The U.S. could run out of money to pay its bills by late May if Congress does not raise or suspend the nation’s debt limit, the Congressional Budget Office said on Wednesday.
The forecast puts added pressure on Congress and the Trump administration to address the borrowing cap, which restricts the total amount of money that the United States is authorized to borrow to fund the government and meet its financial obligations. A protracted standoff later this year could rattle markets and complicate President Trump’s plans to enact more tax cuts.
The C.B.O. noted that its forecast is subject to uncertainty over how much tax revenue the federal government will collect this year. It expects that the United States will have sufficient funds to keep paying bills through August or September. However, it said that if borrowing needs exceed its projections, the U.S. could run out of cash by late May or sometime in June.
“The projected exhaustion date is uncertain because the timing and amount of revenue collections and outlays over the intervening months could differ from C.B.O.’s projections,” the budget office said in a report.
The so-called X-date is the moment when the United States is unable to pay its bills, including interest payments to investors who hold government debt. Failure to meet those obligations could result in the United States defaulting on its debt. The U.S. has never defaulted on its debt, which is considered one of the safest investments in the world, and brinkmanship over missed payments could be economically damaging.
The national debt is now approaching $37 trillion. Lawmakers agreed in June 2023 to suspend the $31.4 trillion debt limit until Jan. 1, 2025.
Janet L. Yellen, the Treasury secretary under President Joseph R. Biden Jr., told Congress in mid-January that the Treasury Department would need to start using “extraordinary measures” on Jan. 21 to allow the United States to keep meeting its financial obligations.
Those measures are essentially accounting maneuvers that can prevent the government from breaching the debt limit. They can include suspending certain types of investments in savings plans for government workers.
But eventually the Treasury will exhaust those maneuvers, and the debt limit will need to either be lifted or suspended in order for the federal government to continue funding its obligations
Because the federal government runs budget deficits — meaning it spends more than it brings in through taxes and other revenue — it must borrow huge sums of money to pay its bills. Those obligations include funding for social safety net programs, salaries for members of the armed forces and paying investors who have bought U.S. government debt in exchange for interest payments.
Republicans have been cutting federal jobs at government agencies and expressed a commitment to curbing wasteful spending. But those efforts are unlikely to make much of a dent given that the biggest drivers of the debt are social safety net programs like Medicare and Social Security. Lawmakers have shown little appetite for cutting those politically popular programs.

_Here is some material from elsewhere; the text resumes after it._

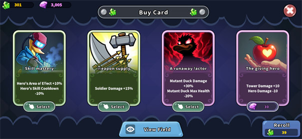 1、在【Buy Card】界面,选合适卡牌(如提升英雄、士兵等属性),消耗绿宝石购买,增强战力。

Before taking office this year, Mr. Trump called for abolishing the debt limit and warned that it was a trap left by Democrats to derail his agenda.
The C.B.O. estimate follows a projection earlier this week by the Bipartisan Policy Center, which said that the United States could run out of cash sometime between mid-July and early October.
Turmoil at the Internal Revenue Service — including pushing out thousands of probationary employees — has stalled audits and hampered its efforts to collect taxes, according to agency officials, raising concerns that the government may collect less tax revenue this year than expected.
Treasury Secretary Scott Bessent told lawmaker this month that he plans to provide Congress with an X-date forecast in May.